E-mailed to me from a buddy of mine:

1. Stay out of clouds. The silver lining everyone keeps talking about might be another airplane going in the opposite direction. Reliable sources also report that mountains have been known to hide out in clouds.

2. Always try to keep the number of landings you make equal to the number of take offs you've made.

3. There are three simple rules for making a smooth landing. Unfortunately no one knows what they are.

4. You start with a bag full of luck and an empty bag of experience. The trick is to fill the bag of experience before you empty the bag of luck.

5. Helicopters can't fly; they're just so ugly the earth repels them.

6. If all you can see out of the window is ground that's going round and round and all you can hear is commotion coming from the passenger compartment, things are not at all as they should be.

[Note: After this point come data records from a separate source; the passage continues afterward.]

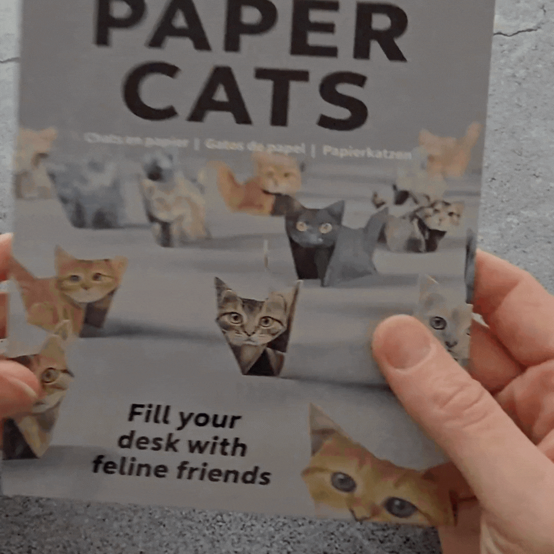 PaperKitties to zestaw 5 ras uroczych kotków do samodzielnego składania. Nie potrzebujesz nożyczek ani kleju – wystarczy kilka zagięć i odrobina czułości. Każdy kociak ma inny charakter: rozbrykany, leniwy, zadziorny – dokładnie tak, jak prawdziwe koty.
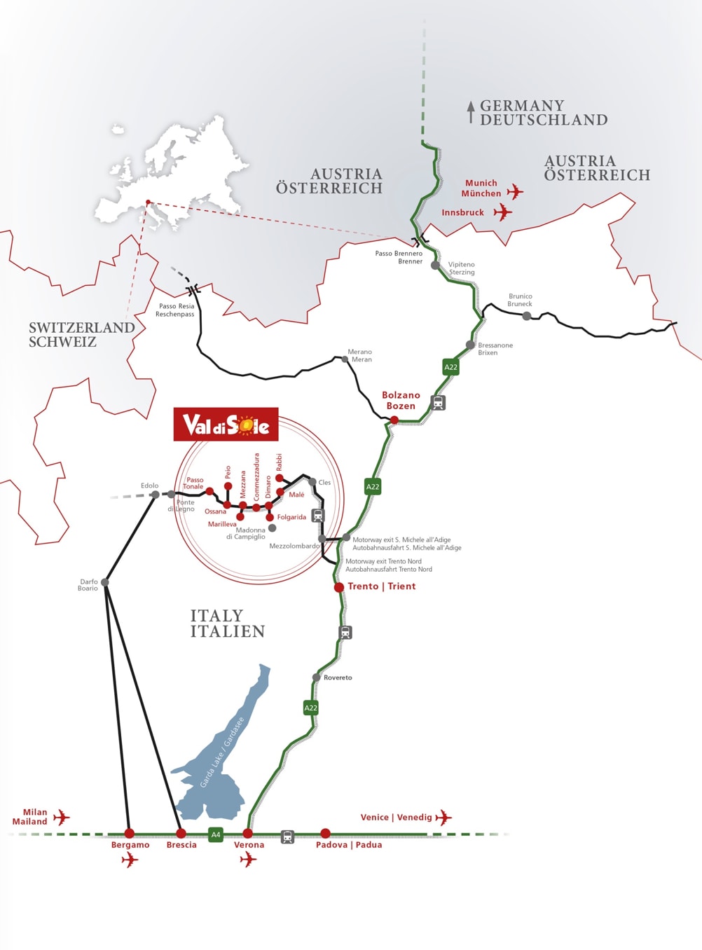 Val di Sole is situated in northern Italy and has good transport connections to Milan, Bologna, Venice and Innsbruck.
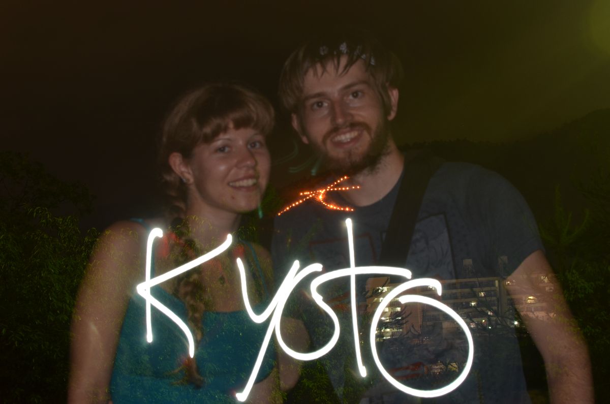Eines nach dem anderen leuchteten dann die Kanji ,DAI‘ ,MYO‘ und ,Funagata‘ an den Kyoto umgebenden Bergketten auf. Die Sugoi-Rufe (jap. beeindruckend) der Einheimischen um uns herum steckten richtig an und insgeheim freuten wir uns auch über die Tatsache, dass wir den guten Ausblick über die Köpfe der unzähligen kleineren Japaner hinweg genießen konnten – Ja, auch Marlis war groß genug xP
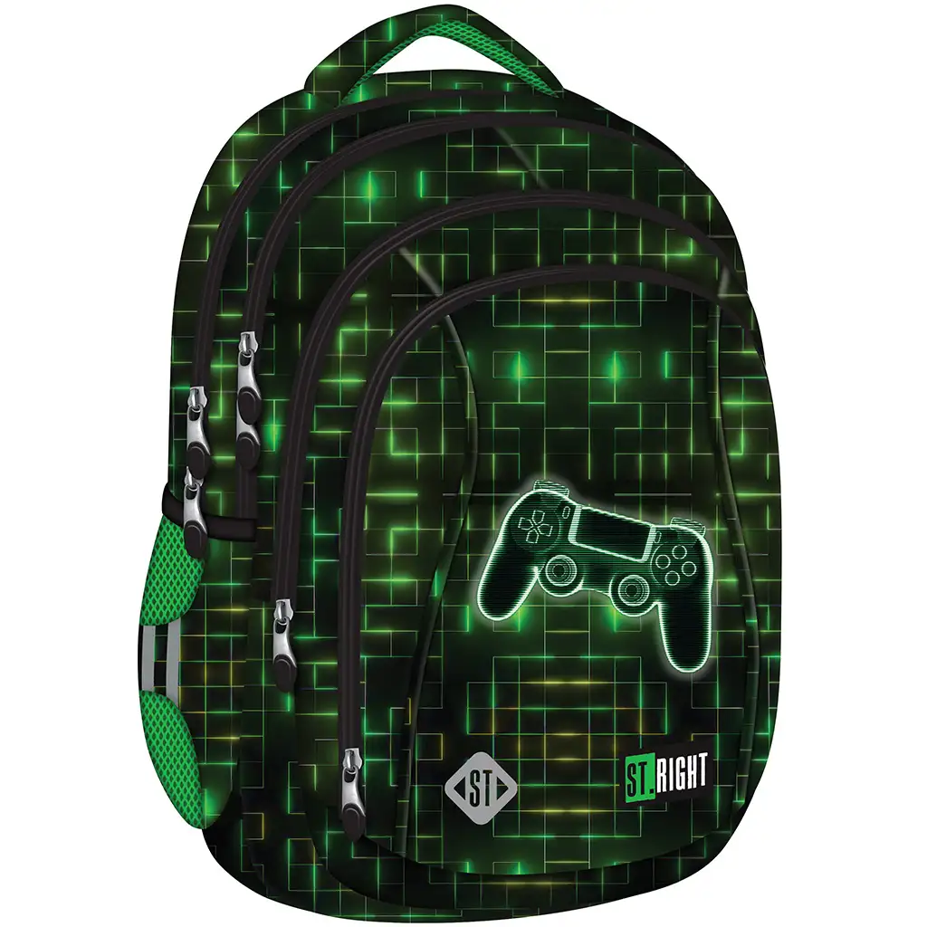 St.Right zeleno-čierny školský batoh s motívom ovládača BP04 43x32x20 cm

7. In the ongoing battle between objects made of aluminum going hundreds of miles per hour and the ground going zero miles per hour, the ground has yet to lose.

8. Good judgment comes from experience. Unfortunately, the experience usually comes from bad judgment.

9. It's always a good idea to keep the pointy end going forward as much as possible.

10. Flying isn't dangerous. Crashing is what's dangerous.

11. Remember, gravity is not just a good idea. It's the law. And it's not subject to repeal.

12. The three most useless things to a pilot are the altitude above you, runway behind you, and a tenth of a second ago.

Safe journeys, everyone


----------



## Andy Moynihan (Oct 27, 2009)

The one in my old Civil Air Patrol headquarters used to read:

If you pull the stick toward you, the houses get smaller.

If you push the stick away, the houses get bigger.

if you pull the stick and keep it pulled, the houses get smaller and then get bigger again.

Also:

"A good landing is one you walk away from. A great landing is one where they can use the aircraft again".


----------



## Bill Mattocks (Oct 27, 2009)

Some I had heard from air wingers in the FMF:



There are old pilots.  And there are bold pilots.  But there are no old, bold, pilots.
Loseth not thine airspeed, lest the ground rise up and smite thee.
Helicopters are better than fixed-wing aircraft, because what would you rather do - beat your way through the air, or suck and blow?


----------



## Big Don (Oct 27, 2009)

The propellers are just fans to keep the pilot cool, when it stops, watch how fast he starts sweating.


----------



## arnisador (Oct 28, 2009)

I'll keep betting on the ground, I suppose!


----------



## MBuzzy (Oct 28, 2009)

As far as I'm concerned, all planes do is damage the runway.  Without airplanes, the concrete on the runway would be in pristine condition.


----------



## Matthew McMullen (Oct 29, 2009)

MBuzzy said:


> As far as I'm concerned, all planes do is damage the runway.  Without airplanes, the concrete on the runway would be in pristine condition.



Yeah but without planes we wouldn't need the concrete runway.


----------